Freshly constructed hexagonal sampling grid

# Make the dataset more presentable
  hex_polys <- cbind(seq(1, length(g$geometry)), g)
  colnames(hex_polys) <- c("id_polygons", "geometry") # change colnames

Aggregate iNaturalist data into hex bins

Now that we have iNaturalist data formatted as points and a hex grid built for sampling those points, it’s time to bin those points into their appropriate hexagons. I do this using an intersect function that builds a dataframe by assigning each occurrence point to the hexagonal polygon that encompasses it’s coordinates. I then group those data by their new polygon identifier and plot the hexagon grid with a fill color gradient representing the number of unique occurrence points in that polygon.

Inspect the points overlaying the grid.

st_crs(st_GBIF) <- crs(hex_polys)
intersection <- st_intersection(x = hex_polys, y = st_GBIF)

int_result <- intersection %>% 
  group_by(id_polygons) 

plot(g, lwd=0.1)
plot(int_result$geometry, pch=19, cex=0.25, col=adjustcolor("cornflowerblue", alpha.f = 0.2), add=TRUE)

Hexagon grid laid over a distribution of iNaturalist points

Aggrigate points into hex bins

# Create storage device
species_richness <- rep(0, max(hex_polys$id_polygons))
hex_counts <- cbind(hex_polys, species_richness)
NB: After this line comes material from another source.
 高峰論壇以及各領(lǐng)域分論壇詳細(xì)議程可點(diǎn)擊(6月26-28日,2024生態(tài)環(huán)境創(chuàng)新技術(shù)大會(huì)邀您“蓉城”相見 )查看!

# Count points per hexagon
int_count <- intersection %>% 
  group_by(id_polygons, .drop = FALSE) %>% 
  count()

# Add counts to storage device
hex_counts$species_richness[int_count$id_polygons] <- int_count$n

# Plot
plot(hex_counts$geometry, lwd=0.001, 
     col=grey.colors(max(hex_counts$species_richness), rev = TRUE, start=0, end=1)[hex_counts$species_richness+1])
plot(int_result$geometry, pch=19, cex=0.05, col=adjustcolor("cornflowerblue", alpha.f = 0.2), add=TRUE)

iNaturalist occurance points aggrigated into hex bins. The color of the bin represents the number of different species detected in that hexagon.
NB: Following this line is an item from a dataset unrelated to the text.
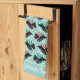 Sprinkle some holiday magic into your kitchen with a Scottie dog kitchen towel! This custom template is personalised with the recipient's name, or your family surname in retro script typography. A vintage-style design with simple illustrations inspired by 1930s Art Deco Christmas cards. It features cute Scottish Terriers wearing festive bows, joyfully running amidst snowflakes and stars. This playful pattern brings a nostalgic touch with a modern twist, making it a delightful and fun kitchen accessory. Printed colours: mint blue-green, red, green, black, white and gold.

Plot species richness using a fancy color scheme that works well for color-blind people

A count of the number of species in an area is called species richness. Species richness is a common proxy variable used to describe differences between ecosystems or health within a single ecosystem. It provides an incomplete description of an ecosystem, but species richness is still frequently used as a good indicator of ecosystem type and health because more complex ecosystems have more species and so, the number of species can often approximate complexity and complexity is a defining feature of ecosystems.

plot(hex_counts$geometry, lwd=0.001, 
     col=hcl.colors(max(hex_counts$species_richness)+2, palette = "viridis", alpha = NULL, rev = TRUE, fixup = TRUE)[hex_counts$species_richness+1])

Species richness of iNaturalist records in 2021

Adjacency matrix

We need to include a list of neighbor relationships as a random co-variate in our model. Her we calculate that adjacency matrix using a function that takes a list of polygons and returns the adjacency matrix. I give this function the hexagon grid, which is built of hexagonal polygons with centroids, and the function calculates the adjacency relationships for all those centroids.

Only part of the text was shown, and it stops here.